Assigned task: Among the entries below, copy only the span from the line containing "There continues to" through the line containing "- Compatible with". Do so exactly, and skip the pictures.

Recorded data
#####

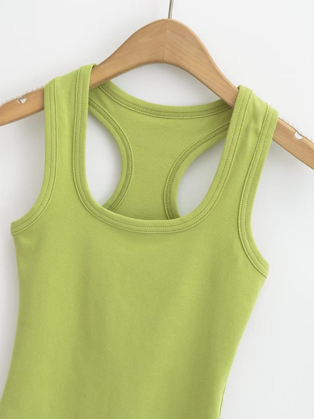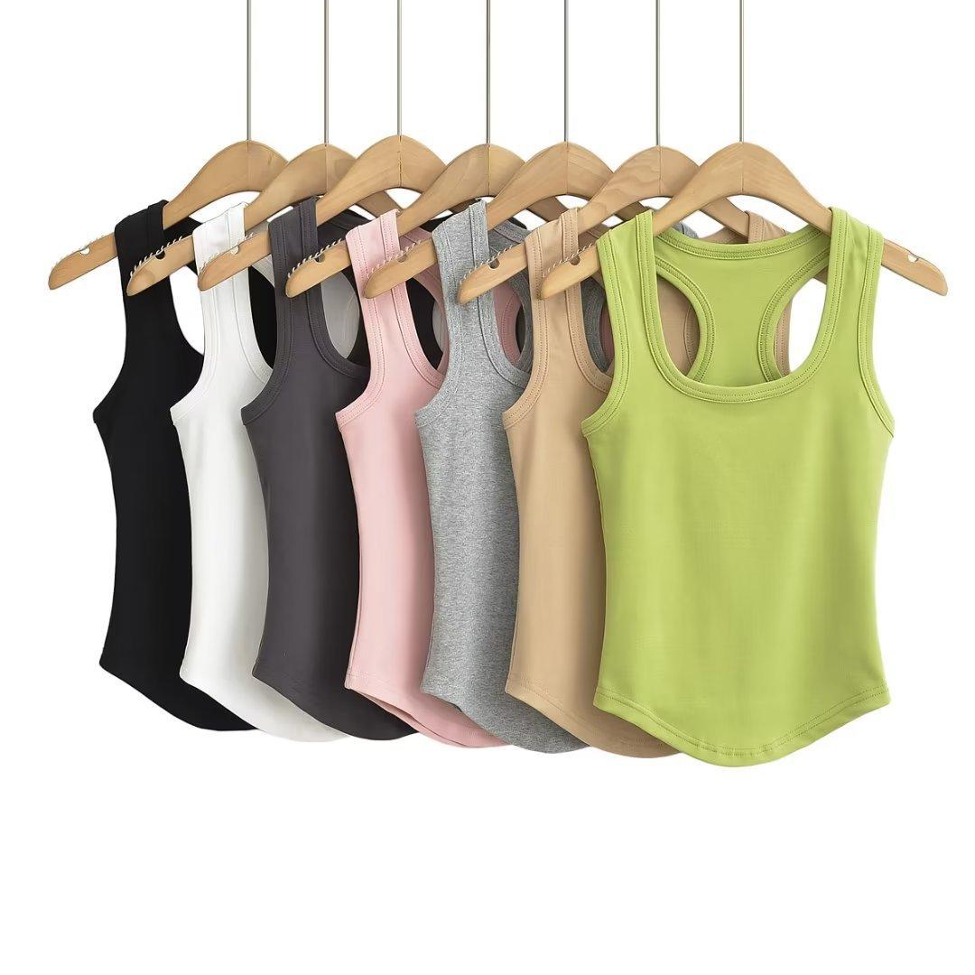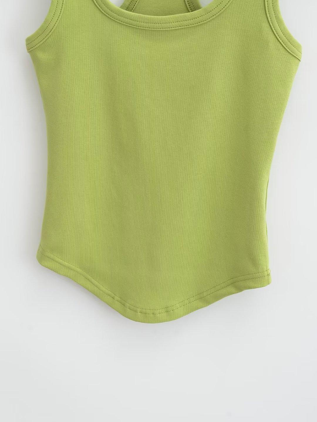 Chaleco exterior en forma de I de estilo europeo y americano de verano 2023 para mujer, sexy, elástico, ajustado, interior corto sin mangas
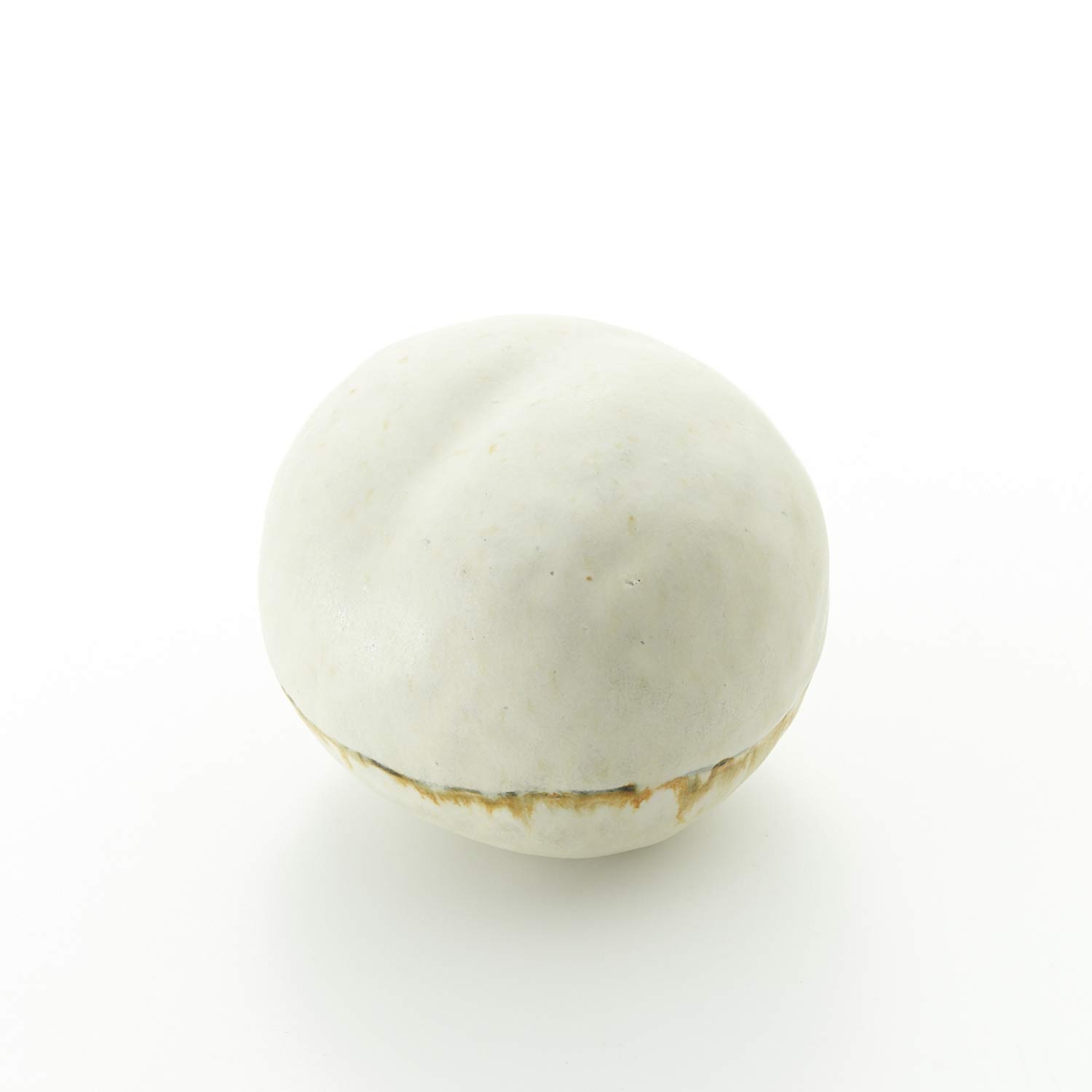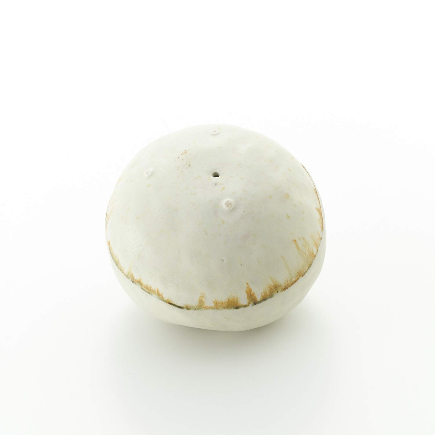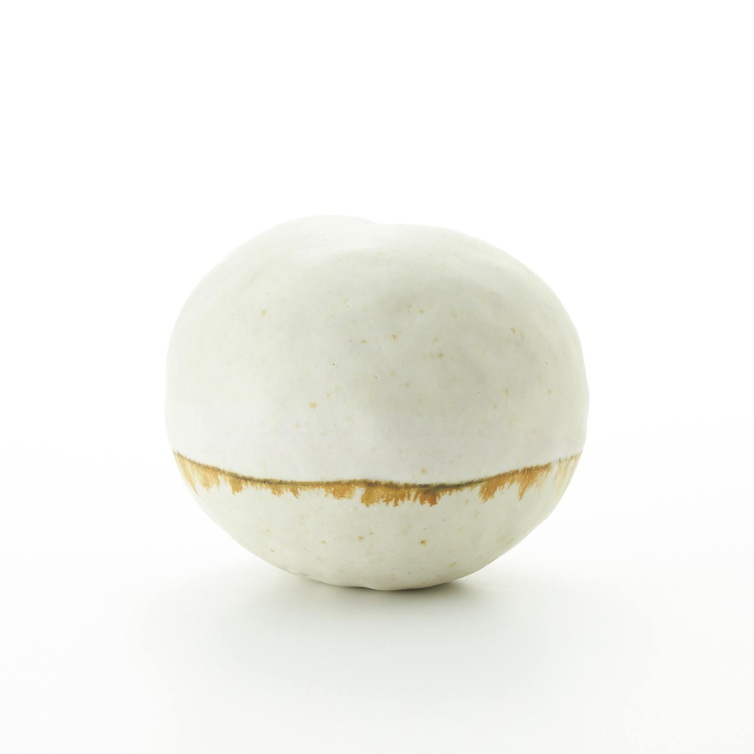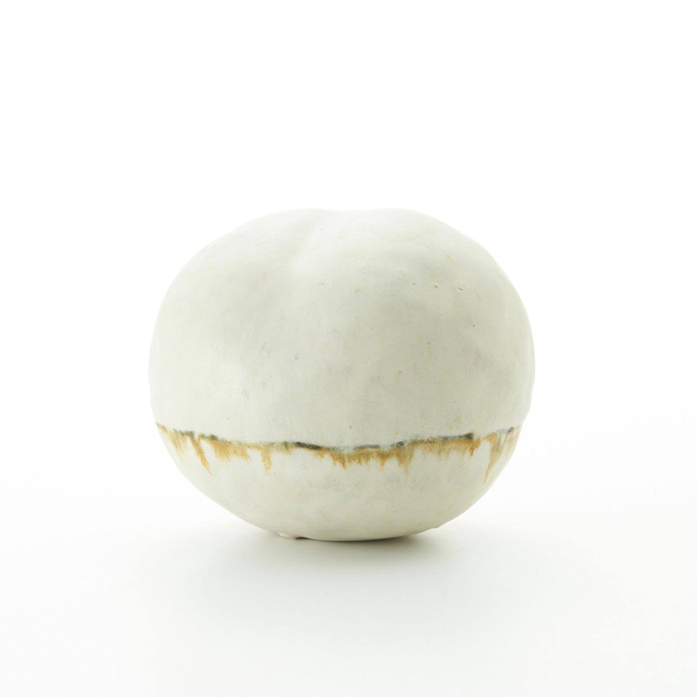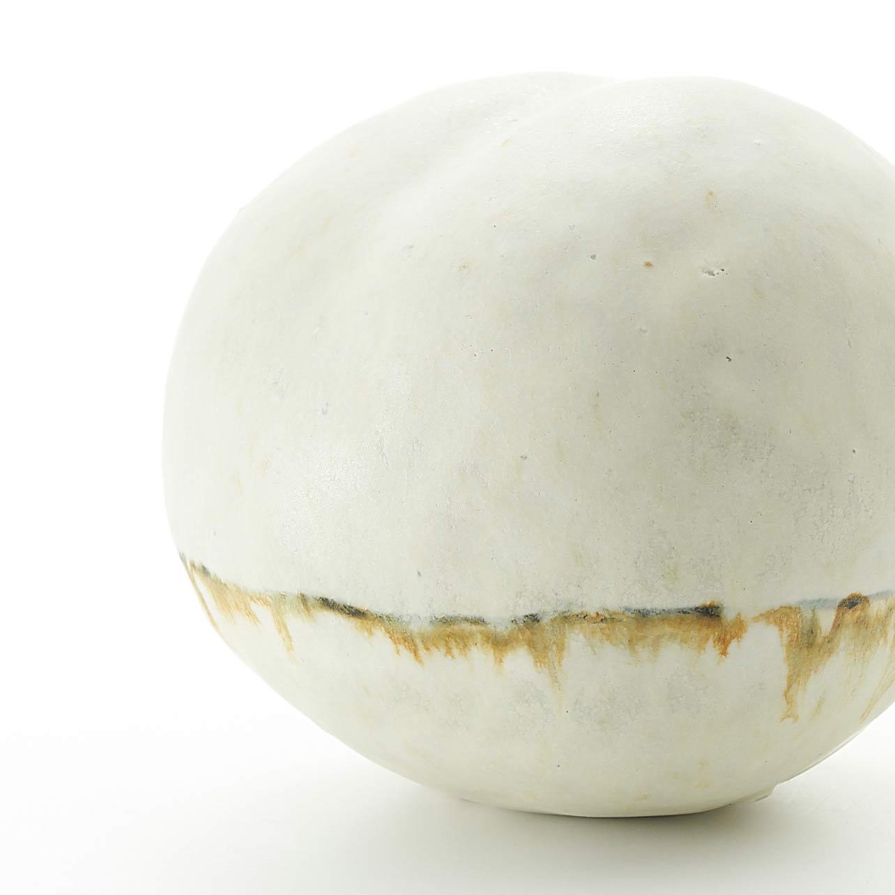 桃のような形の白が美しいオブジェ。鉄釉のラインがアクセントになっています。
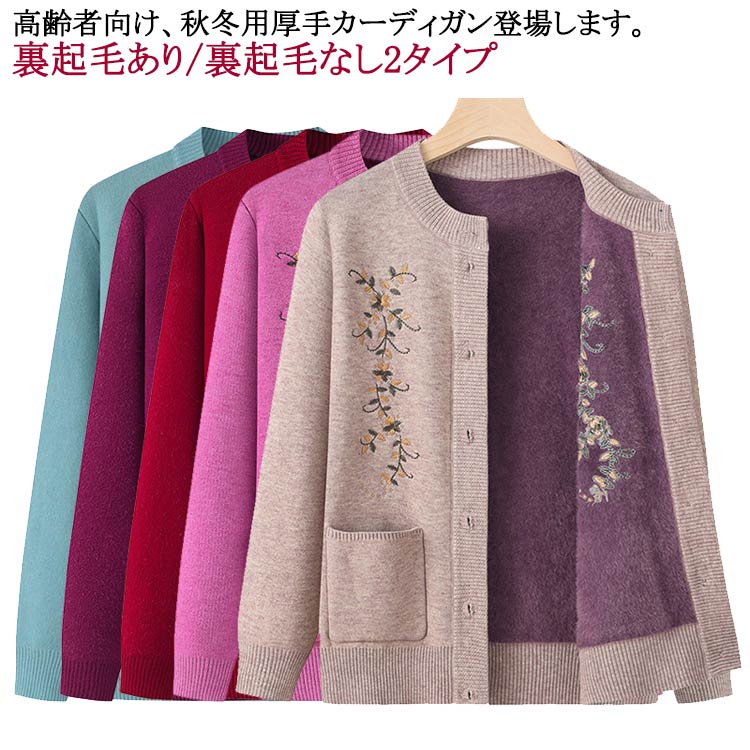 おばあちゃん用裏起毛ニットカーディガンです 保温効果は抜群 裏起毛なし 2タイプ 春 秋 冬レディースファッション トップス カーディガン ボレロ
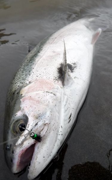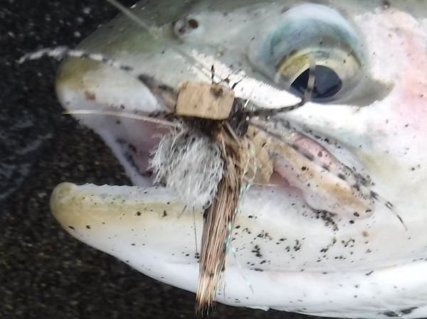 There continues to be a real mixture of fish getting caught. As well as fresh run rainbows and browns we even had one hungry kelt slam the indicator dry when we dropped into Boulder Reach late in the afternoon.
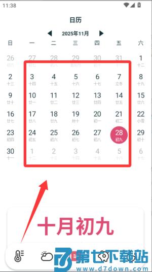 2、点击日历图标可查看当日黄历信息,包括宜忌事项和节气提醒,左右滑动能切换日期。
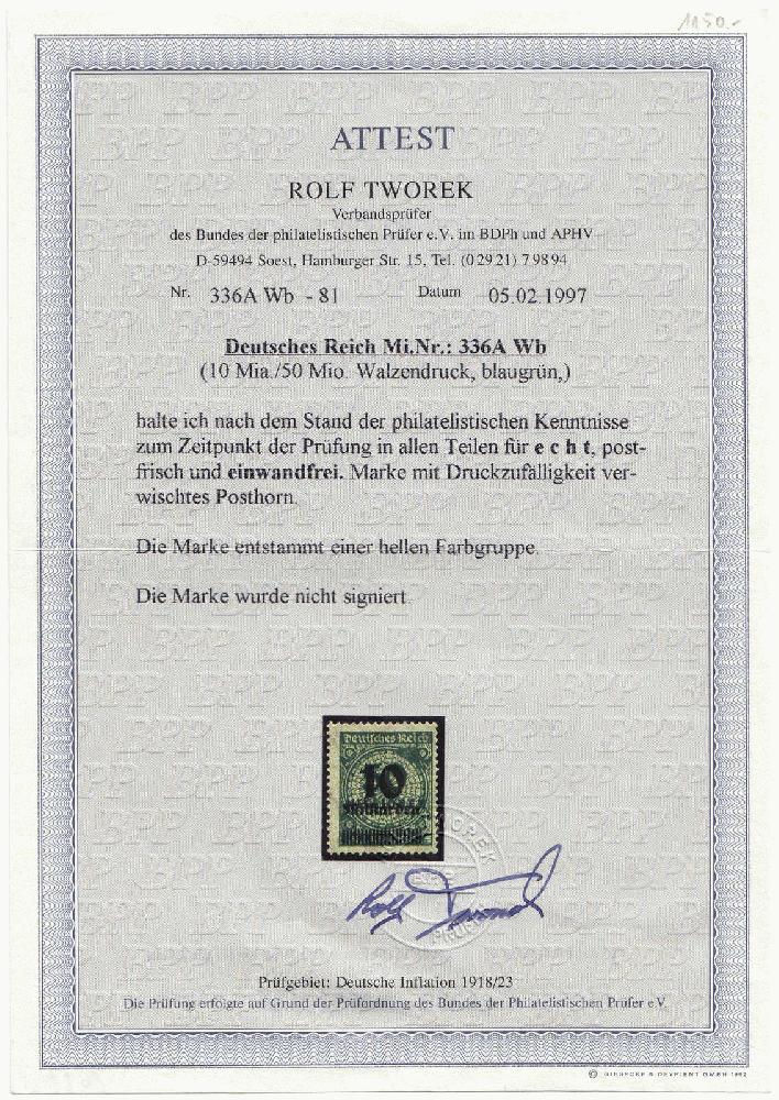 | Prüfer: | Tworek, Rolf (BPP (Bund Philatelistischer Prüfer)) |
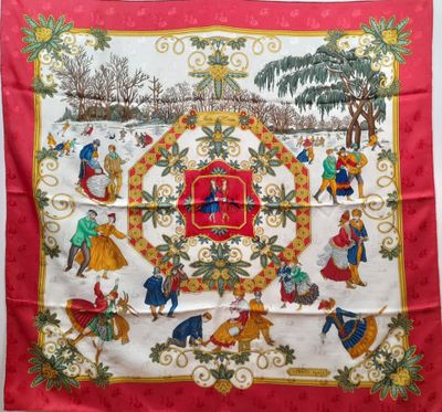 HERMES, PARIS. Carré en soie façonnée modèle "joies d'hiver"…
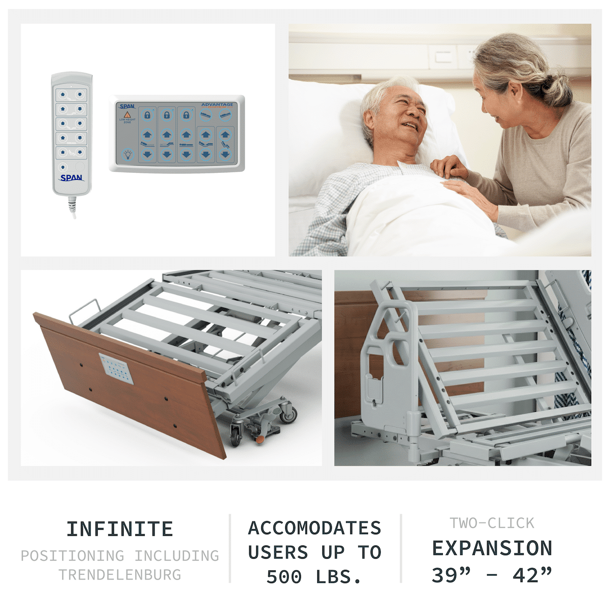 - Compatible with Span America therapeutic and foam mattresses, including Advantage and PressureGuard® series - Fits standard accessories such as assist rails, trapeze, and mobility aidsIntended Use
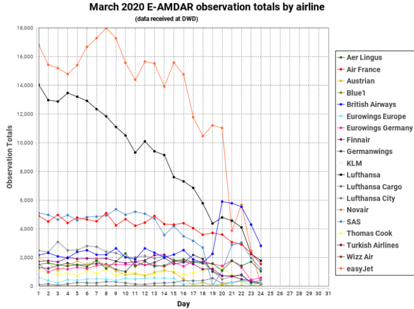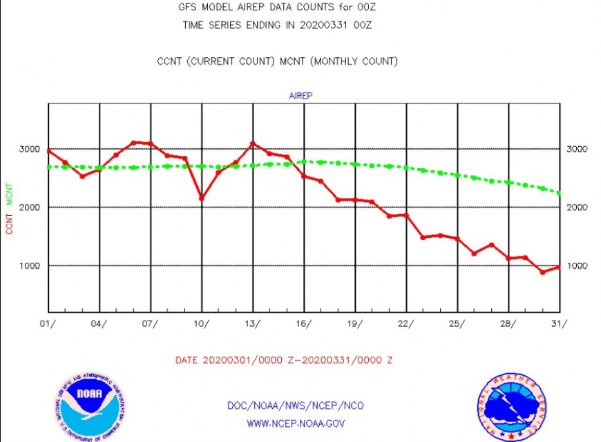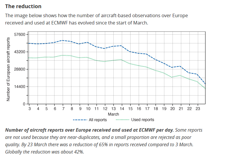 From ECMWF “ the number of aircraft observations has gone down significantly over the last couple of weeks both over Europe and globally. In the coming days and weeks, we expect a further decrease in numbers, which will have some impact on forecast quality in the short-range, particularly around the polar jet stream level (10–12 km altitude)."
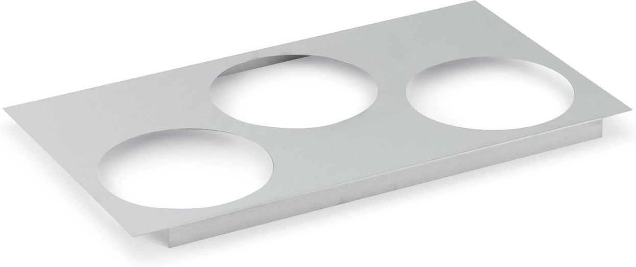 Optimize your kitchen setup with the Randell 6.5" Stainless Steel Adaptor Plate, featuring two precisely cut 6.5" openings. Crafted from premium stainless steel, this durable adaptor plate is designed to withstand the rigors of a busy commercial kitchen, providing a secure and stable solution for keeping various containers organized and accessible. Ideal for steam tables, this adaptor plate is a reliable addition to any professional kitchen, making it easy to switch between different sizes of pots and pans without compromising space or efficiency.
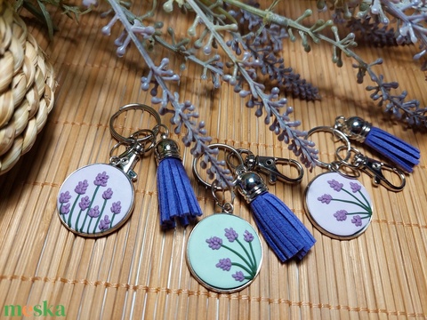 Levendula mintás táskadísz kulcstartó süthető gyurmából
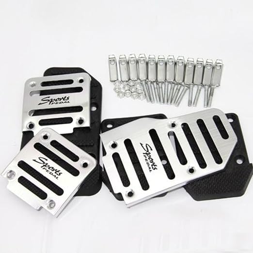 Generic - ثلاث قطع من وسادات دواسة السيارة غير القابلة للانزلاق والغاز والوقود والبنزين والفرامل سيلفر

#####

Response to this exercise:
 There continues to be a real mixture of fish getting caught. As well as fresh run rainbows and browns we even had one hungry kelt slam the indicator dry when we dropped into Boulder Reach late in the afternoon.
 2、点击日历图标可查看当日黄历信息,包括宜忌事项和节气提醒,左右滑动能切换日期。
 | Prüfer: | Tworek, Rolf (BPP (Bund Philatelistischer Prüfer)) |
 HERMES, PARIS. Carré en soie façonnée modèle "joies d'hiver"…
 - Compatible with Span America therapeutic and foam mattresses, including Advantage and PressureGuard® series - Fits standard accessories such as assist rails, trapeze, and mobility aidsIntended Use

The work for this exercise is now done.